This colab is used as a code example for how to call our newly released text embedding models (textembedding-gecko@latest and textembedding-gecko-multilingual@latest).

Learn more about [text embedding api](https://cloud.google.com/vertex-ai/docs/generative-ai/embeddings/get-text-embeddings).

This tutorial uses the following Google Cloud ML services and resources:
- Vertex LLM SDK

The steps performed include:
- Installation and imports
- Generate embeddings


### Costs

This tutorial uses billable components of Google Cloud:

* Vertex AI

Learn about [Vertex AI pricing](https://cloud.google.com/vertex-ai/pricing),
and use the [Pricing Calculator](https://cloud.google.com/products/calculator/)
to generate a cost estimate based on your projected usage.

## Before you begin

### Set up your Google Cloud project

**The following steps are required, regardless of your notebook environment.**

1. [Select or create a Google Cloud project](https://console.cloud.google.com/cloud-resource-manager). When you first create an account, you get a $300 free credit towards your compute/storage costs.

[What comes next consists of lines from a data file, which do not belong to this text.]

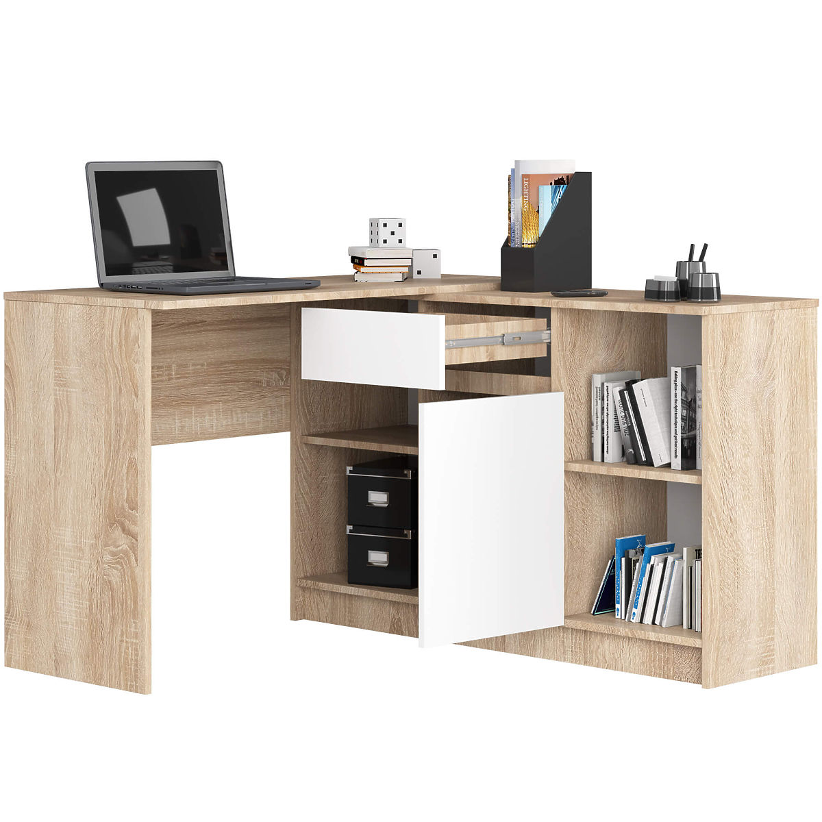 Set B-17 komoda in pisalna miza je izjemno funkcionalen. Njegova konstrukcija omogoča montažo tako na desni kot na levi strani. Tako ga je mogoče prilagoditi prostoru, ki ga imate na voljo. Set bo primeren za pisarno, vključno z domačo, ali za študentsko sobo. Združitev mize in komode v celoto omogoča boljšo izrabo prostora. Police lahko sprejmejo fascikle, pisarniške in pisalne potrebščine ali knjige. Na voljo je tudi predal za drobne pripomočke. Tako bo vse potrebno med delom ali študijem na dosegu roke.
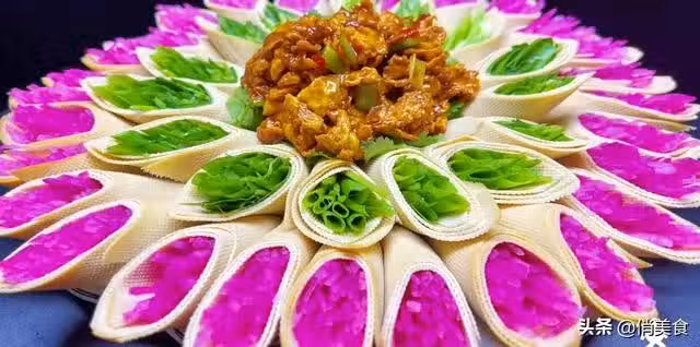 2、一張千張上面鋪上蘿蔔絲,從一頭捲起卷得緊實些,最後斜著60度切成大小相同的段。
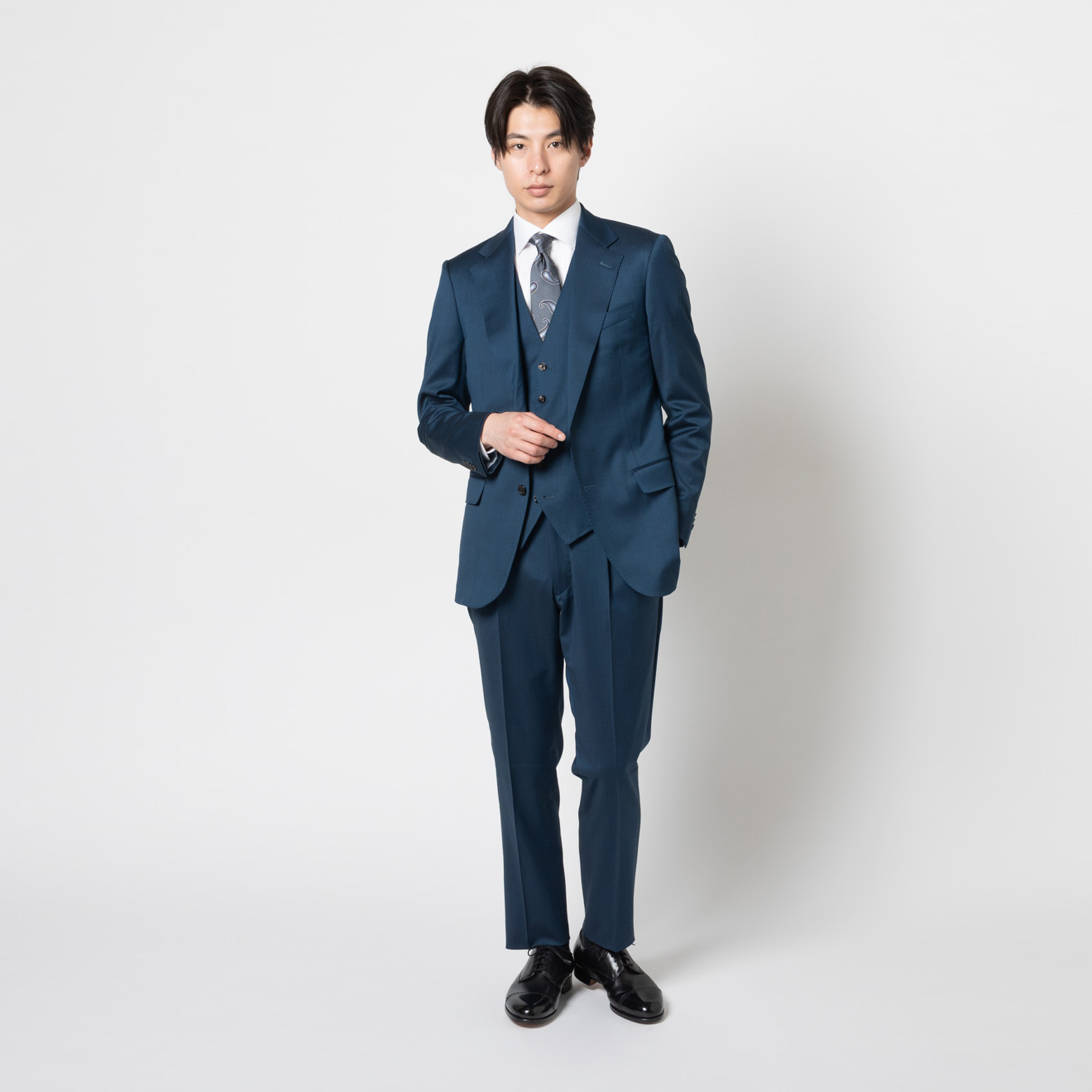特徴としては光沢があり高級感を感じられるため、ビジネス兼ブライダルでもご着用いただけます。
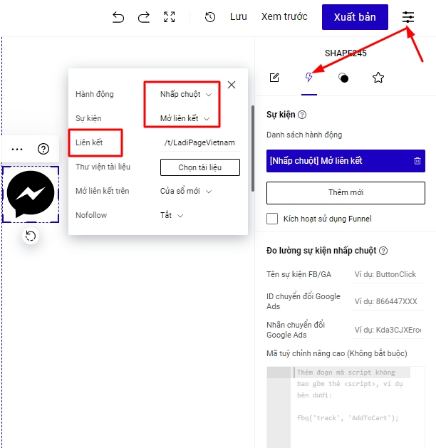 Bước 2: Liên kết biểu tượng vừa tạo với đường dẫn https://www.messenger.com/t/LadiPageVietnam (thay LadiPageVietnam bằng tên đường dẫn fanpage của bạn).

2. [Make sure that billing is enabled for your project](https://cloud.google.com/billing/docs/how-to/modify-project).

3. [Enable the Vertex AI API](https://console.cloud.google.com/flows/enableapi?apiid=aiplatform.googleapis.com).

4. If you are running this notebook locally, you need to install the [Cloud SDK](https://cloud.google.com/sdk).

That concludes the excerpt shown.